Malgré le conflit Snepa-radios (le Snepa est le syndicat des éditeurs de disques), l'influence des programmations de radio et de télévision reste immense sur le public. Pourtant, certains sondages impressionnent : 63 % de mécontents se font connaître au cours d'une émission de télévision sur les programmes de variétés ; 90 % d'auditeurs, au cours d'un forum de Christiane Collange sur Europe 1, déclarent préférer le genre Croisille au genre Sheila !

D'un autre côté, on assiste au développement extraordinaire des structures socioculturelles (émargeant aux budgets municipaux, nationaux ou industriels), discothèques municipales, comités d'entreprise, maisons de jeunes, centres de vacances, etc. Leurs préoccupations ne font pas passer au premier rang le critère de mode commerciale lorsqu'elles achètent des disques ou programment des chanteurs.

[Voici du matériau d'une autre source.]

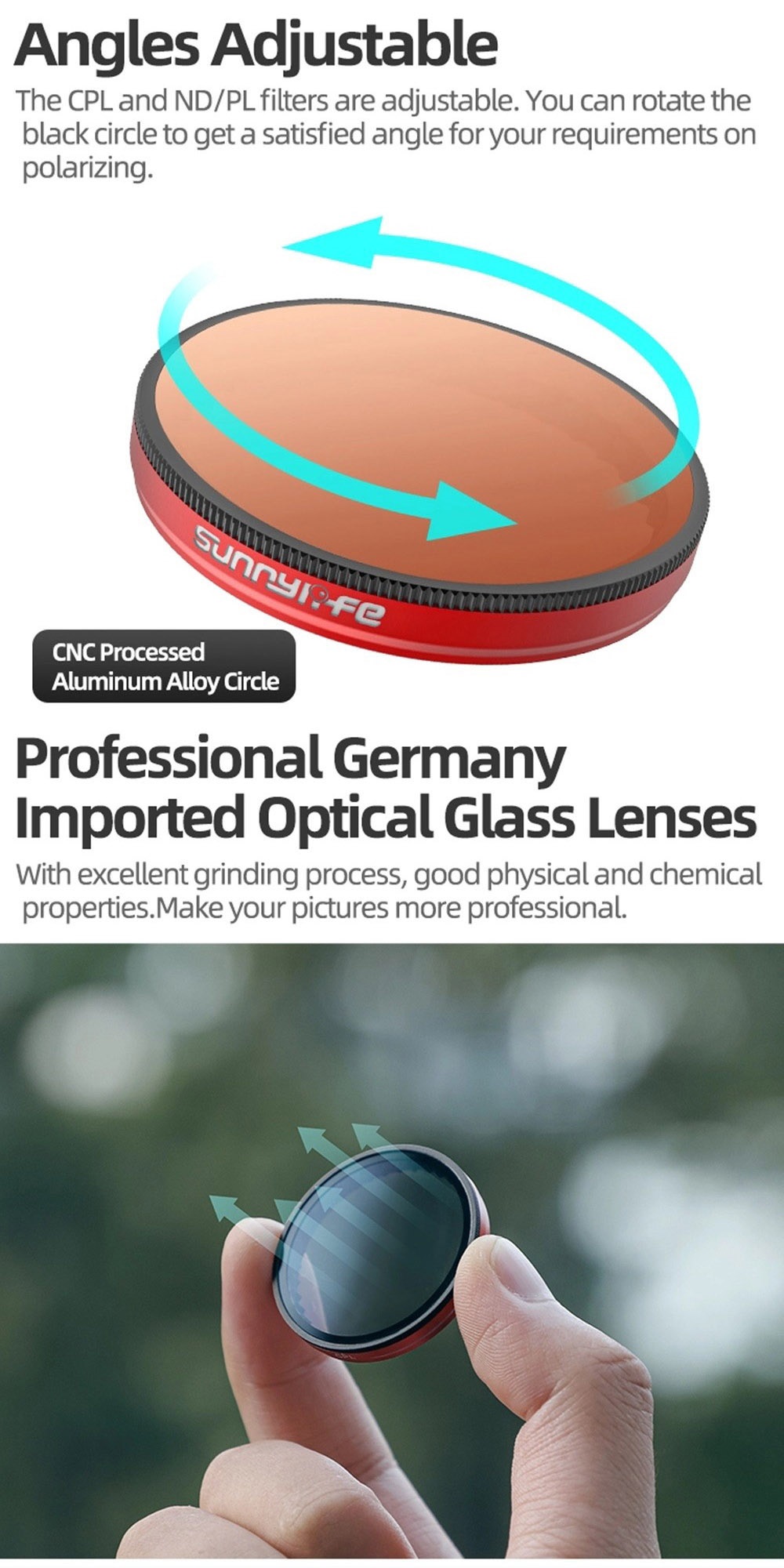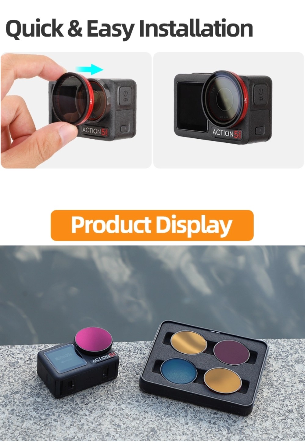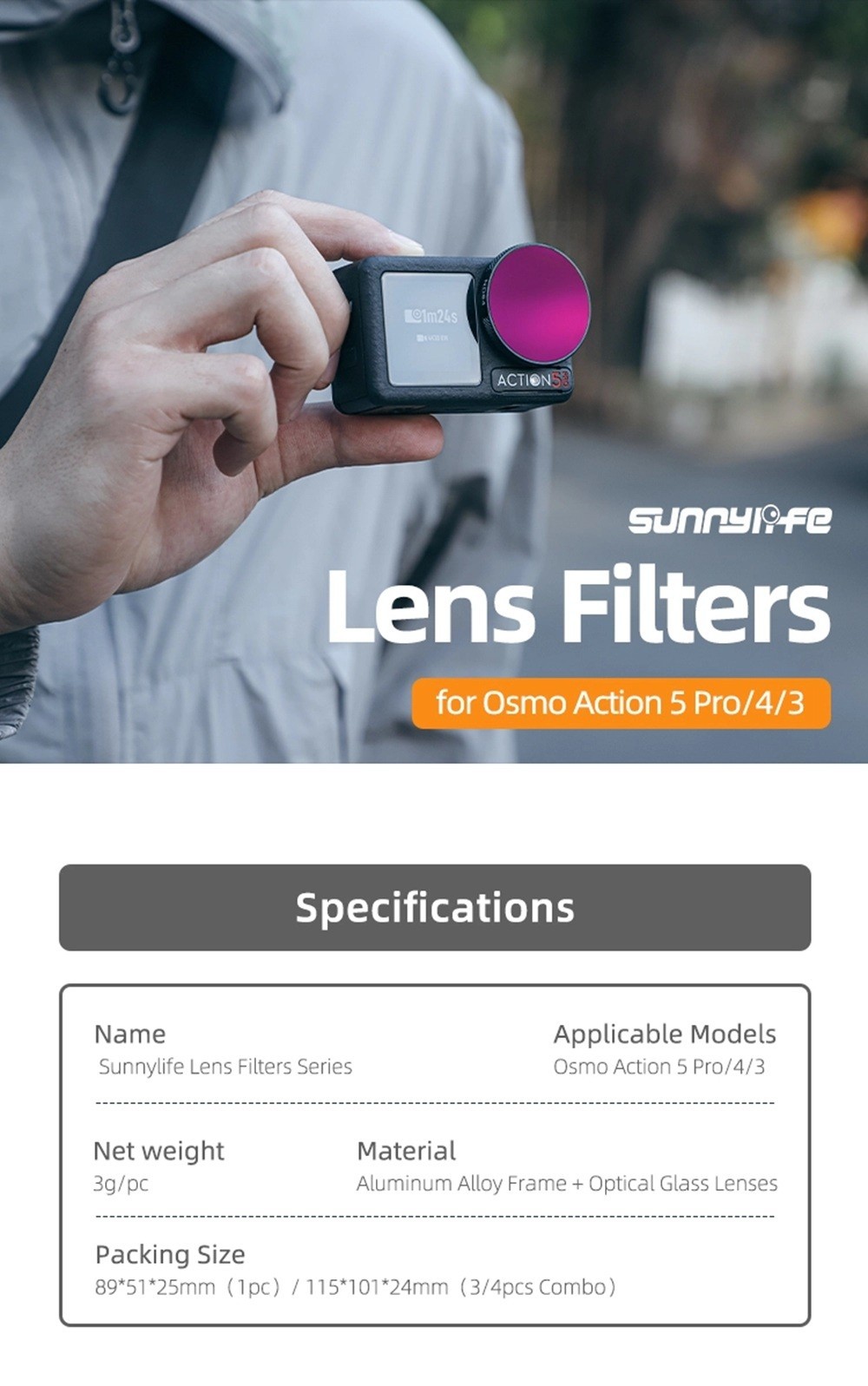 Enhance your DJI Osmo Action 5 / 4 / 3’s capabilities with the Sunnylife Aluminum Filter Kit, featuring MCUV, ND8, ND16, ND32, and ND64 filters. The kit uses premium optical glass in a lightweight aluminum alloy frame that’s corrosion-resistant and durable. Rotate or swap filters easily to control light, reduce glare, and achieve cinematic exposure under diverse lighting conditions. Ideal for action, travel, and professional creators.
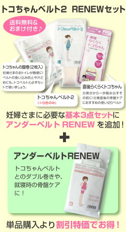 セット購入は単品購入よりもお得! →《単品》トコちゃんベルト2 →《単品》トコちゃんの腹巻 →《単品》直後らくらくトコちゃん →《単品》アンダーベルト RENEW ■セット内容 トコちゃんベルト2(白色/LL:H100〜120cm)×1 トコちゃんの腹巻<2枚組>(LL:丈60cm)×1 直後らくらくトコちゃん×1 アンダーベルトRENEW(LL:約H100〜120cm)×1 ※ベルトカラーは白色のみ(紺色へ変更ご希望の方はこちら) ※白ベルトのマジックテープ部分は若干ピンクがかった素材を使用しております。

Mais il y a toujours une clientèle populaire prête à s'attendrir sur Frédéric François et sur Mireille Mathieu, et, surtout, il y a toujours un public enfantin (de 8 à 12 ans), naturellement malléable et facile, prêt à ne jurer que par Claude François (Le téléphone pleure), Sheila (Ne fais pas tanguer le bateau) ou Patrick Juvet (encore que ce dernier puisse prétendre parfois à des publics plus avancés).

Face à cet état de fait, les producteurs de disques sont amenés à une réflexion de prudence, encouragée par la crise de l'énergie et des matières premières (augmentation des coûts du papier carton, du vinyle et des salaires). Ils freinent sérieusement une production inflationniste. Le producteur cherche à s'adapter aux nouvelles tendances du marché, plutôt du 33 tours que du 45 tours, plutôt de la qualité que de la nouveauté, plutôt du long terme (chanteurs à personnalité) que du court terme (titres à succès rapide).

Marginaux

On voit alors un certain nombre de marginaux (du moins réputés tels par le métier parisien) signer dans les grandes firmes : Jacques Higelin chez Pathé Marconi, Jean Vasca chez RCA, Jean Sommer chez Philips, Yvan Dautin chez AZ, etc.